→ Try it:
Write out the data word for word and drop any picture you find.

Collected data:
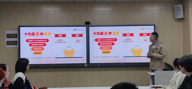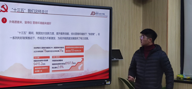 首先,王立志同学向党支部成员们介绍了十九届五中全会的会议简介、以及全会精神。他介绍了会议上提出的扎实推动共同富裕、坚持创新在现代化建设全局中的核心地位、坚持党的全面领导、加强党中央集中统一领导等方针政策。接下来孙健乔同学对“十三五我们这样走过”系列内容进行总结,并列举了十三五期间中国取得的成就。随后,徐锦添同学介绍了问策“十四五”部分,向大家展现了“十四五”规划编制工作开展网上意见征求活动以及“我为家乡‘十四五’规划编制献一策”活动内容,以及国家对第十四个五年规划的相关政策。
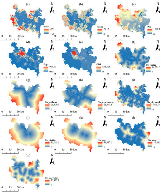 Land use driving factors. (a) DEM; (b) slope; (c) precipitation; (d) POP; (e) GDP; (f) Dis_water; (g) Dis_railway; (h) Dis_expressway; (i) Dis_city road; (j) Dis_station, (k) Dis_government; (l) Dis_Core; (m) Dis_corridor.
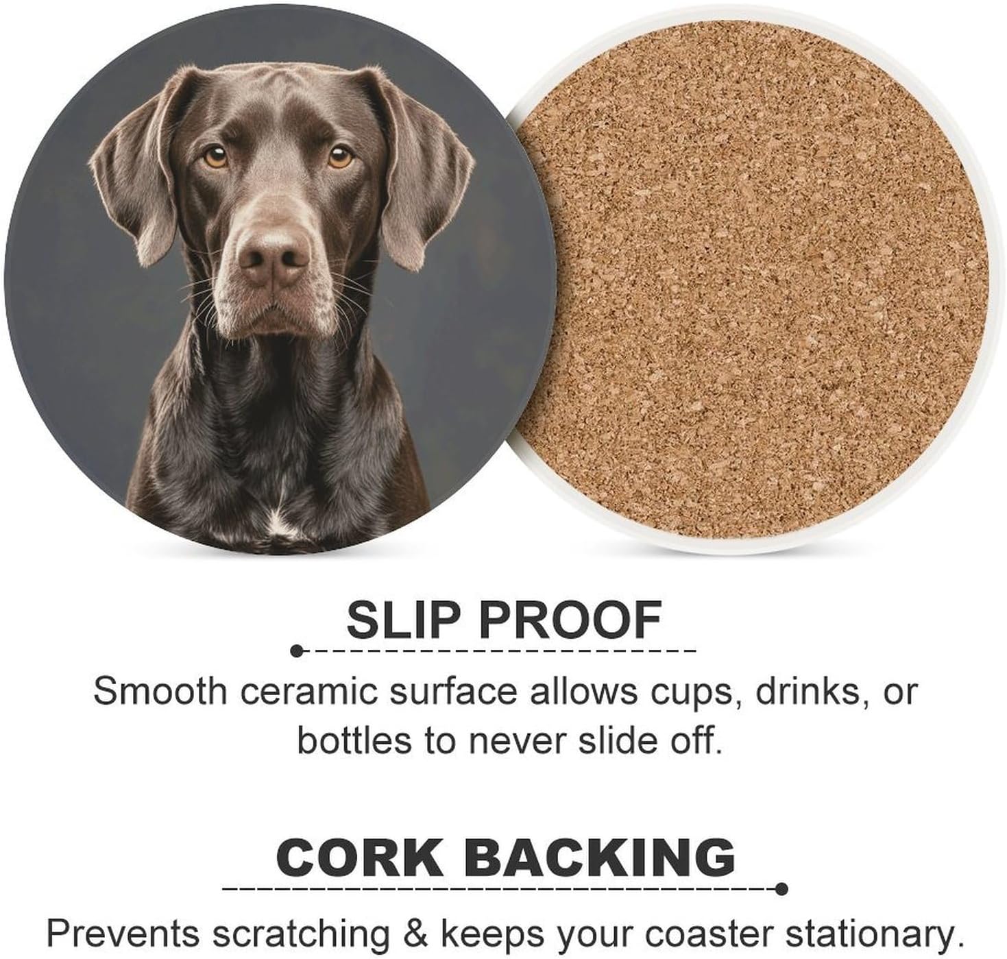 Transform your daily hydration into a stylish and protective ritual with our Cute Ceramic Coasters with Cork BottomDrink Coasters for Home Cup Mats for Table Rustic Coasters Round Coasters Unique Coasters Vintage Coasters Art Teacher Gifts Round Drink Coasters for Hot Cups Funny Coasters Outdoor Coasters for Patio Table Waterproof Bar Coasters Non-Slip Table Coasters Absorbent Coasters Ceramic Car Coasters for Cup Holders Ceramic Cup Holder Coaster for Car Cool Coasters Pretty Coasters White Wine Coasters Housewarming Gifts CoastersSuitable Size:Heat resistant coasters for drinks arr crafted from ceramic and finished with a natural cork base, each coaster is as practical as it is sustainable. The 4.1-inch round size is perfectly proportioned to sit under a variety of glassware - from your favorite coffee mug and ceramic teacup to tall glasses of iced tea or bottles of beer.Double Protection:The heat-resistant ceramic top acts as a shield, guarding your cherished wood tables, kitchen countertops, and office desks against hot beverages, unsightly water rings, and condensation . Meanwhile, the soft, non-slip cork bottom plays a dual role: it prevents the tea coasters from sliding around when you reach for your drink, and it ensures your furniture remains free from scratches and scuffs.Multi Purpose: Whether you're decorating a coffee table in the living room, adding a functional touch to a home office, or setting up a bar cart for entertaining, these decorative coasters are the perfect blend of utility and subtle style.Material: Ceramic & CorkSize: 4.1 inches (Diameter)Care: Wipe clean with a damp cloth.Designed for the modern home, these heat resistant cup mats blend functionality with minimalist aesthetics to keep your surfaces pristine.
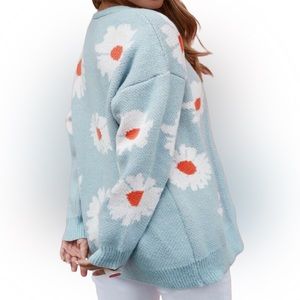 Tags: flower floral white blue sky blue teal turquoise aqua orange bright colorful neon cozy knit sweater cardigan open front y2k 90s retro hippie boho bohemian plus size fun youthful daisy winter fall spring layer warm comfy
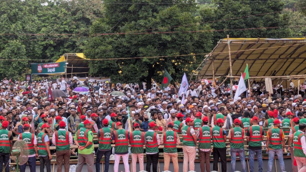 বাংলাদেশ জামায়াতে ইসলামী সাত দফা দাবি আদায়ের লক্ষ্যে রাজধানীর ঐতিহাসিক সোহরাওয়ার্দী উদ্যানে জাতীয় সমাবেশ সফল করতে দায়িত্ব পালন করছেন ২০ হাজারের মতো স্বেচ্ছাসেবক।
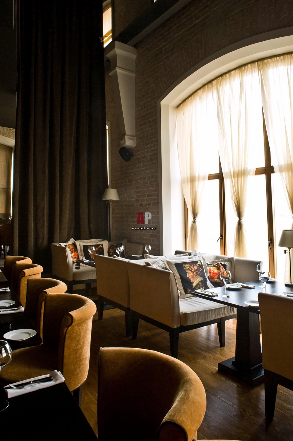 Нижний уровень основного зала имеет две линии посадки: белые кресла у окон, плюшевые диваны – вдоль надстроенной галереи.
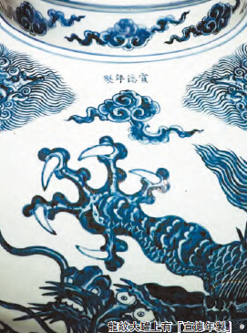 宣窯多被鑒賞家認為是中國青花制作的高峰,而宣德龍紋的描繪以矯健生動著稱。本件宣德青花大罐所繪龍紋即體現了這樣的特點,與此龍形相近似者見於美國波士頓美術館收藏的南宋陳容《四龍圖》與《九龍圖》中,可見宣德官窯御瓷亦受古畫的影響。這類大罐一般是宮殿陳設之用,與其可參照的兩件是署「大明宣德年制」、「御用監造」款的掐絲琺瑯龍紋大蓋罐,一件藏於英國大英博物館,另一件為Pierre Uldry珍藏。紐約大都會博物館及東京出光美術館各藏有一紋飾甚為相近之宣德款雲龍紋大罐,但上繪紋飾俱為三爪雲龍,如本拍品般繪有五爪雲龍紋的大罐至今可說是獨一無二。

→ Answer box:
 首先,王立志同学向党支部成员们介绍了十九届五中全会的会议简介、以及全会精神。他介绍了会议上提出的扎实推动共同富裕、坚持创新在现代化建设全局中的核心地位、坚持党的全面领导、加强党中央集中统一领导等方针政策。接下来孙健乔同学对“十三五我们这样走过”系列内容进行总结,并列举了十三五期间中国取得的成就。随后,徐锦添同学介绍了问策“十四五”部分,向大家展现了“十四五”规划编制工作开展网上意见征求活动以及“我为家乡‘十四五’规划编制献一策”活动内容,以及国家对第十四个五年规划的相关政策。
 Land use driving factors. (a) DEM; (b) slope; (c) precipitation; (d) POP; (e) GDP; (f) Dis_water; (g) Dis_railway; (h) Dis_expressway; (i) Dis_city road; (j) Dis_station, (k) Dis_government; (l) Dis_Core; (m) Dis_corridor.
 Transform your daily hydration into a stylish and protective ritual with our Cute Ceramic Coasters with Cork BottomDrink Coasters for Home Cup Mats for Table Rustic Coasters Round Coasters Unique Coasters Vintage Coasters Art Teacher Gifts Round Drink Coasters for Hot Cups Funny Coasters Outdoor Coasters for Patio Table Waterproof Bar Coasters Non-Slip Table Coasters Absorbent Coasters Ceramic Car Coasters for Cup Holders Ceramic Cup Holder Coaster for Car Cool Coasters Pretty Coasters White Wine Coasters Housewarming Gifts CoastersSuitable Size:Heat resistant coasters for drinks arr crafted from ceramic and finished with a natural cork base, each coaster is as practical as it is sustainable. The 4.1-inch round size is perfectly proportioned to sit under a variety of glassware - from your favorite coffee mug and ceramic teacup to tall glasses of iced tea or bottles of beer.Double Protection:The heat-resistant ceramic top acts as a shield, guarding your cherished wood tables, kitchen countertops, and office desks against hot beverages, unsightly water rings, and condensation . Meanwhile, the soft, non-slip cork bottom plays a dual role: it prevents the tea coasters from sliding around when you reach for your drink, and it ensures your furniture remains free from scratches and scuffs.Multi Purpose: Whether you're decorating a coffee table in the living room, adding a functional touch to a home office, or setting up a bar cart for entertaining, these decorative coasters are the perfect blend of utility and subtle style.Material: Ceramic & CorkSize: 4.1 inches (Diameter)Care: Wipe clean with a damp cloth.Designed for the modern home, these heat resistant cup mats blend functionality with minimalist aesthetics to keep your surfaces pristine.
 Tags: flower floral white blue sky blue teal turquoise aqua orange bright colorful neon cozy knit sweater cardigan open front y2k 90s retro hippie boho bohemian plus size fun youthful daisy winter fall spring layer warm comfy
 বাংলাদেশ জামায়াতে ইসলামী সাত দফা দাবি আদায়ের লক্ষ্যে রাজধানীর ঐতিহাসিক সোহরাওয়ার্দী উদ্যানে জাতীয় সমাবেশ সফল করতে দায়িত্ব পালন করছেন ২০ হাজারের মতো স্বেচ্ছাসেবক।
 Нижний уровень основного зала имеет две линии посадки: белые кресла у окон, плюшевые диваны – вдоль надстроенной галереи.
 宣窯多被鑒賞家認為是中國青花制作的高峰,而宣德龍紋的描繪以矯健生動著稱。本件宣德青花大罐所繪龍紋即體現了這樣的特點,與此龍形相近似者見於美國波士頓美術館收藏的南宋陳容《四龍圖》與《九龍圖》中,可見宣德官窯御瓷亦受古畫的影響。這類大罐一般是宮殿陳設之用,與其可參照的兩件是署「大明宣德年制」、「御用監造」款的掐絲琺瑯龍紋大蓋罐,一件藏於英國大英博物館,另一件為Pierre Uldry珍藏。紐約大都會博物館及東京出光美術館各藏有一紋飾甚為相近之宣德款雲龍紋大罐,但上繪紋飾俱為三爪雲龍,如本拍品般繪有五爪雲龍紋的大罐至今可說是獨一無二。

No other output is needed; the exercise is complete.